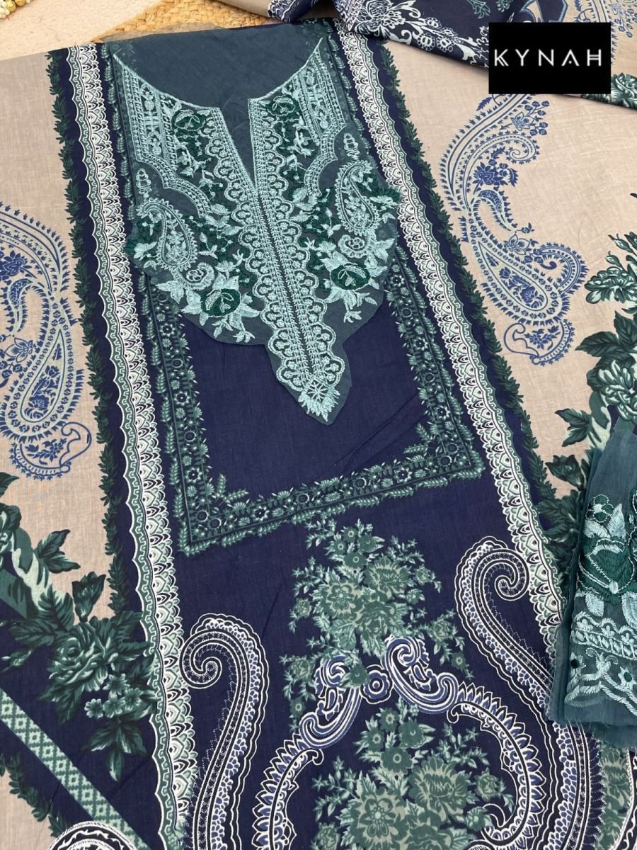 | FABRIC DETAILS | Top : Pure cotton print with exclusive embroidery patchesBottom : Semi lawnDuppta : Chiffon / Cotton |
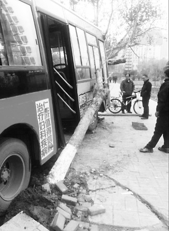 一位在附近公园散步的老人介绍,他从远处看到,公交车连撞两棵树,第一下刮擦撞出去,第二下直接撞在了树上。老人说,公交车停下后“骑”在了树上,挡风玻璃被撞碎,车几乎卡在两棵树之间,所幸人员没有受伤。据了解,公交车司机当时是为了躲避左侧突然向外变道的私家车,紧急打方向盘才撞上了路边树。
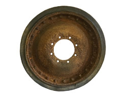 パンター 転輪、直径約73cm(鉄部のみ)、直径約86cm(ゴムを含む)、部品無です。 屋外に長年放置されていたことによる深い錆等が全体的に見られます。 ですのでご注文頂きましても直ぐに発送できないことご了承ください。 東京、大阪店店頭にはございません。
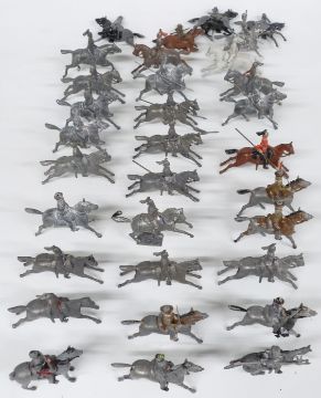 A large collection of Britains and similar lead and diecast model cavalry soldiers and horses.
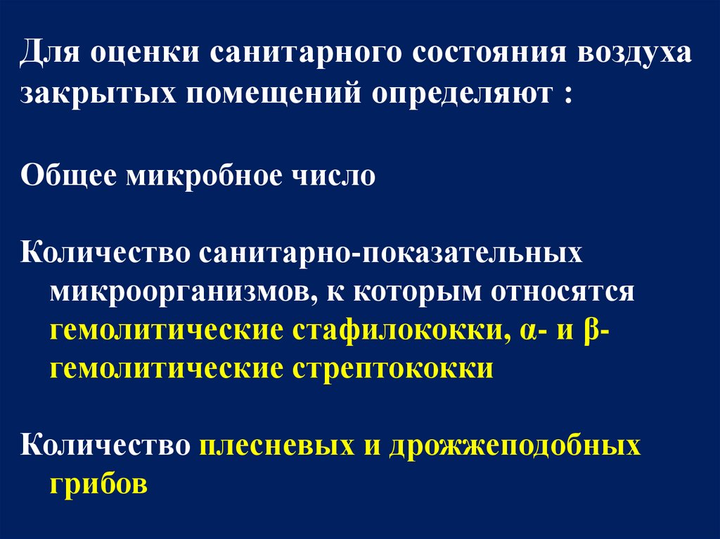 Для оценки санитарного состояния воздухазакрытых помещений определяют :
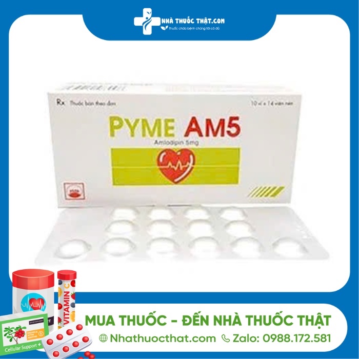 Pyme Am5 là sản phẩm của Pymepharco có chứa Amlodipin với công dụng điều trị tăng huyết áp, đau thắt ngực ổn định mạn tính, đau thắt ngực do co thắt mạch (đau thắt ngực Prinzmetal).
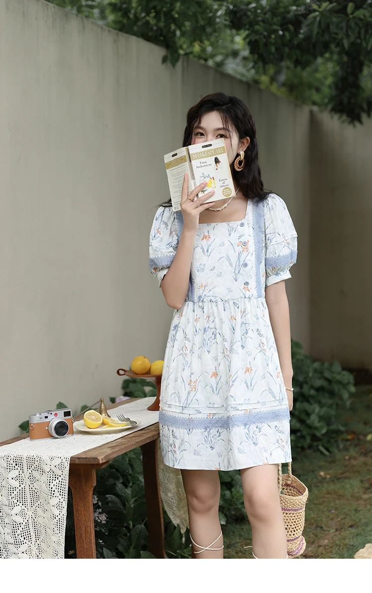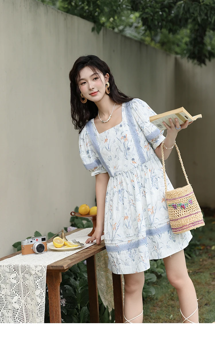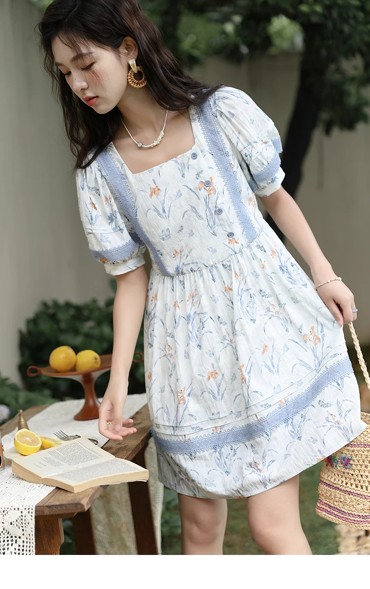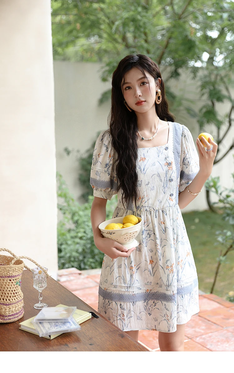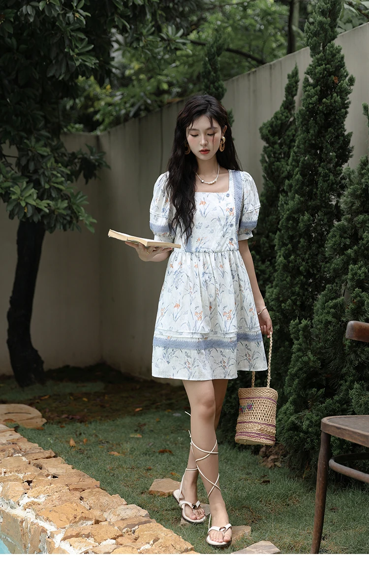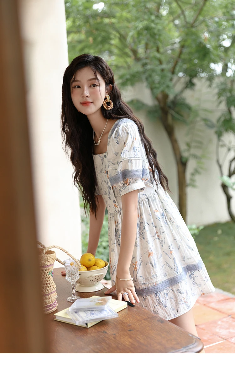 MISHOW Ink Wash Printed Fabric Dress for Women 2025 Summer French Oil Painting Square Neck Splicing Lace Doll Dresses MXD29L1932
^^^^
### Work item
Print the material in full and exactly; the pictures must not be printed.

### Response to the task
 | FABRIC DETAILS | Top : Pure cotton print with exclusive embroidery patchesBottom : Semi lawnDuppta : Chiffon / Cotton |
 一位在附近公园散步的老人介绍,他从远处看到,公交车连撞两棵树,第一下刮擦撞出去,第二下直接撞在了树上。老人说,公交车停下后“骑”在了树上,挡风玻璃被撞碎,车几乎卡在两棵树之间,所幸人员没有受伤。据了解,公交车司机当时是为了躲避左侧突然向外变道的私家车,紧急打方向盘才撞上了路边树。
 パンター 転輪、直径約73cm(鉄部のみ)、直径約86cm(ゴムを含む)、部品無です。 屋外に長年放置されていたことによる深い錆等が全体的に見られます。 ですのでご注文頂きましても直ぐに発送できないことご了承ください。 東京、大阪店店頭にはございません。
 A large collection of Britains and similar lead and diecast model cavalry soldiers and horses.
 Для оценки санитарного состояния воздухазакрытых помещений определяют :
 Pyme Am5 là sản phẩm của Pymepharco có chứa Amlodipin với công dụng điều trị tăng huyết áp, đau thắt ngực ổn định mạn tính, đau thắt ngực do co thắt mạch (đau thắt ngực Prinzmetal).
 MISHOW Ink Wash Printed Fabric Dress for Women 2025 Summer French Oil Painting Square Neck Splicing Lace Doll Dresses MXD29L1932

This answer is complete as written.